Lexington, KY, revisit April 2019, Part 2

           “Soon after, I returned home to my family, with a determination to bring them as soon as possible to live in Kentucky, which I esteemed a second paradise, at the risk of my life and fortune.”—Daniel Boone

           Author’s Note:  This is part 2 of a travel piece regarding my recent trip with my husband, John, to Lexington, KY.

           After a good meal the night before at Pies and Pints and a sweet snack from Trader Joes, we were up early, ready to go at Homes2 to Suites by Hilton Lexington, KY.  First priority though, we both squeezed in a workout.

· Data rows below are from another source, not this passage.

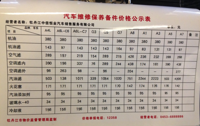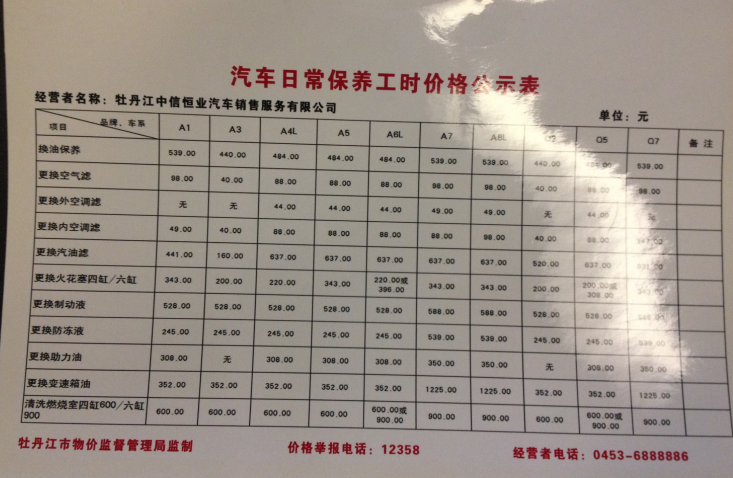 三、常用工時備件價格公示。執(zhí)行價格透明,價格公示的政策,維修工作開始前與客戶確認維修項目和預(yù)估金額,維修工作結(jié)束后,再次與客戶解釋已完成的維修項目和維修金額,讓客戶明明白白消費,高高興興消費。
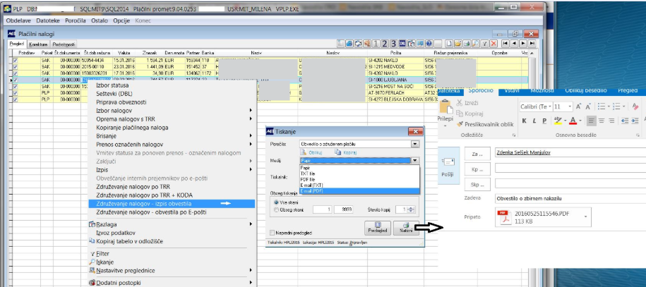 Pri tej možnosti program takoj, brez izbora maske Tiskanje, pripravi e-mail s PDF prilogo specifikacije. V tem primeru program vedno vzame osnovni izpis. Pogoj, da se pripravi mail je, da ima partner v šifrantu kontaktne osebe, vpisan mail kontakta in v polju Seznam paketov vpisan PLP. Če je združenih in označenih več nalogov, bo program pripravil toliko mailov (enega za drugim), kolikor je združenih (in označenih) nalogov.
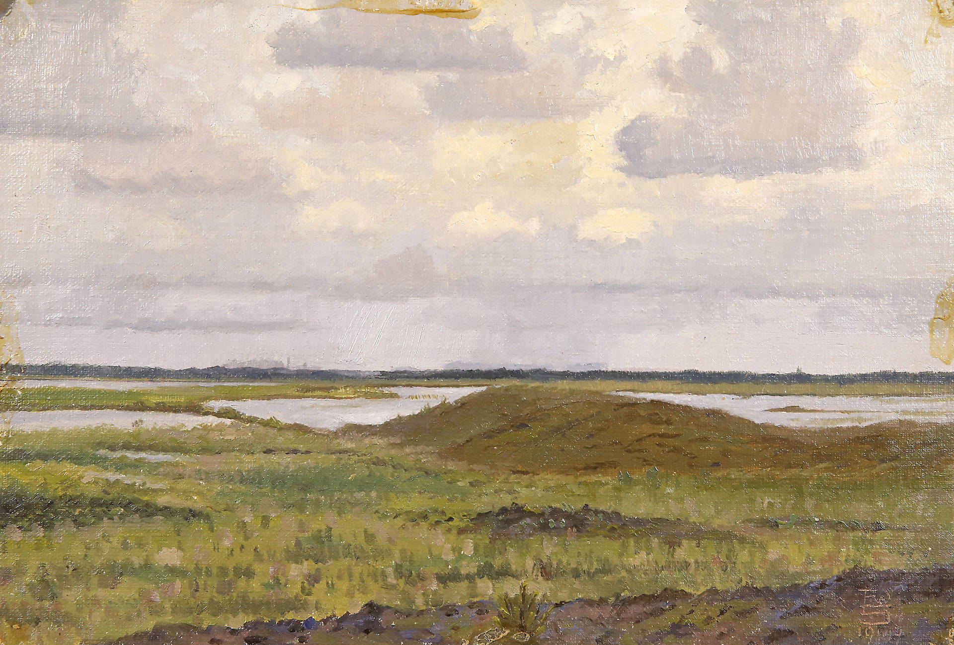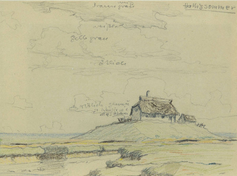 423 Öl auf Leinen, auf Pappe geleimt, 20 x 14 cm, "Studie nach Bleistiftskizze in Oksböl"

While I would not say, the fitness center at Home2 to Suites offers full gym experience; it does possess enough of the basics to maintain some semblance of a fitness routine.  Of course, after the workout, we took time to enjoy the hotel’s expansive breakfast bar while we mulled over our plans for the day.

           It was over our second cup of coffee that we decided to visit Fort Boonesborough State Park, about a 30 minute, or so, drive away.  We were fortunate to visit in April, the start of their season, which runs from April 5-October 31. This Kentucky State Park offers a campground, pool, and a reconstructed fort built in honor of the original Fort Boonesborough, a frontier fort in Kentucky founded by Daniel Boone and his men following their crossing of the Kentucky River on April 1, 1775.  This reconstructed version is a complete working fort with cabins, blockhouses, and furnishings offering visitors a glimpse into pioneering life in 18th century Kentucky. Throughout the year, Fort Boonesborough offers numerous special events with different historic emphasis. Although there were no special on-going events during our visit, we were able to still get a taste of those early pioneering days.

 

         Images from the entrance area of Forts Boonesborough, Ky.

 

           We began at the orientation building, watching a nearly 30-minute long documentary on the rich and unique history of Fort Boonesborough.  Afterwards, we took our time on a self-guided tour visiting as many of the cabins and blockhouses that were open, as well as listening and interacting with resident volunteers and artisans who make crafts and/or answer questions/offer information about life inside the fort.  These living history staff members were appropriately dressed in 18th century attire, and offered much insight into 18th century pioneer life.

 

      Cabins are arranged in a circle.  Visitors are encouraged to turn left past the entrance and begin at the Orientation building. John purchases entrance tickets for us.

 

Beautiful, historical paintings line the walls of the orientation room.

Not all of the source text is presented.